From the SQL Clone web client, the first step is to select the SQL Server instance hosting the database you wish to clone. I’m using a development copy of the AdventureWorks database, about 9.2 GB in size, on a SQL Server 2014 instance.
SQL Clone populates the SQL Server instance dropdown with all instances visible to a SQL Clone Agent, so just pick one. SQL Clone will attempt to establish a connection to the instance, using the specified SQL Clone Agent’s service account. If it succeeds, you’ll see a verification message. Then just pick the database you wish to clone from the Database dropdown.
Define the image destination
The next step is to specify where you want to store the image. Depending on how you wish to use the clones, it might be beneficial to choose a high-speed, high-bandwidth network location for the image. Initially, before we make any modifications to the clone database, all the data will be retrieved from the data image, and so its location will affect the query performance of each Clone created from that image. This is a factor to consider if, for example, you are performing load or performance testing using a Clone.
If you’ve previously established an image location, it will appear in the dropdown, in Figure 5. Otherwise, click Add new image location and enter the path to the network share where you wish to store the image. The Clone Agent will need read and write access to this location.
Create the image
The final stage is to review the image details and give the image a meaningful name, possibly including the date the image was taken, as I’ve done here, or perhaps the current build version of the database.
Click Create Image, the image creation process will start, and you’ll see a progress screen. Remember that creating an image takes a full byte-by-byte copy of the database. This will take about as long as a database backup or restore operation to the same network location. If it’s a big database, it will take a while, but it’s a one-time cost. Having created the image, creating clones from this image will take seconds.
When the image creation process completes, you’ll see a screen like Figure 7 (I’ve cropped it for legibility).
SQL Clone reports the image size as 9.72 GB, which we can verify by inspecting the VHD file itself, at the image location.
SQL Clone appends the image ID (in this case 10011, padded out to 00010011) and some random characters to prevent filename collisions, but its name in the SQL Clone web Server, and in PowerShell scripts, is just AdventureWorks2014_092617.
SQL Clone will sometimes appear to report the size of the image as being substantially larger than the original database, but in fact this is simply due to the dynamic VHD resizing mechanism; the image is always just a straight copy of the data and log files.
Let the Cloning Commence
Having created an image, we’re ready to start cloning. Figure 9 shows a simplified depiction of creating a clone
For each clone, SQL Clone creates a VHD, called a differencing disk (or Diff file), on the local instance, with a connection back to the image, accessible to the clone via a mount point. This means that each clone created from an image can access all those same image bytes. All that’s stored locally, in the differencing disk, are data pages containing changes made directly to the local clone database.
This means that even for a source database in the terabyte range, each clone will initially be only tens of megabytes in size.
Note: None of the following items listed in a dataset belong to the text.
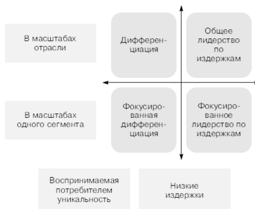
Рис. 1.1. Базовые стратегии на существующих рынках

Остановимся на видах конкурентных стратегий , предложенных М. Портером (подробнее об этом см. в главе 2). Определите, какой тип стратегии использует ваша компания и в чем это проявляется (рис. 1.1).
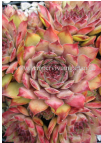
Sempervivum Trail Walkers
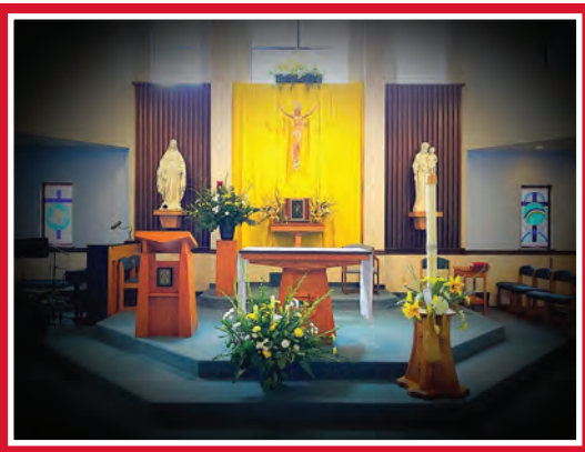
Our Lady of the Assumption, Leavenworth

Las parroquias Our Lady of the Snows en Leavenworth y la Parroquia Saint Francis Xavier en Cashmere se unieron en una nueva parroquia el 1 de abril, con la aprobación del Obispo Joseph Tyson. Las dos pequeñas congregaciones se han convertido ahora en la Parroquia Our Lady of the Assumption.

When you make data or structural changes to a clone database, SQL Server writes the change to the differencing disk. Any change you make to a clone database will have an effect only on that clone, will be isolated from the image, and will have no impact at all on the integrity or performance of the source database.
When you query data, the operating system reconstructs the required data pages from the differencing disk plus the database files in the original image. All of this is invisible to SQL Server, which works with the clone just as it would with any other database.
Create a clone
To create a clone, go to the Dashboard in the SQL Clone web client. It will display your existing images, and any clones associated with each image. Locate the one you want and click Clone.
We simply need to choose a destination SQL Server instance on which to create the clone, and give it a name. Here, we’re going to create the clone on a SQL Server 2016 instance.
Then we just review the details and give the clone a name.
That’s it; now we just create the clone! This will take just a few seconds. Once created, we can query and work with it from SSMS, just as any normal database.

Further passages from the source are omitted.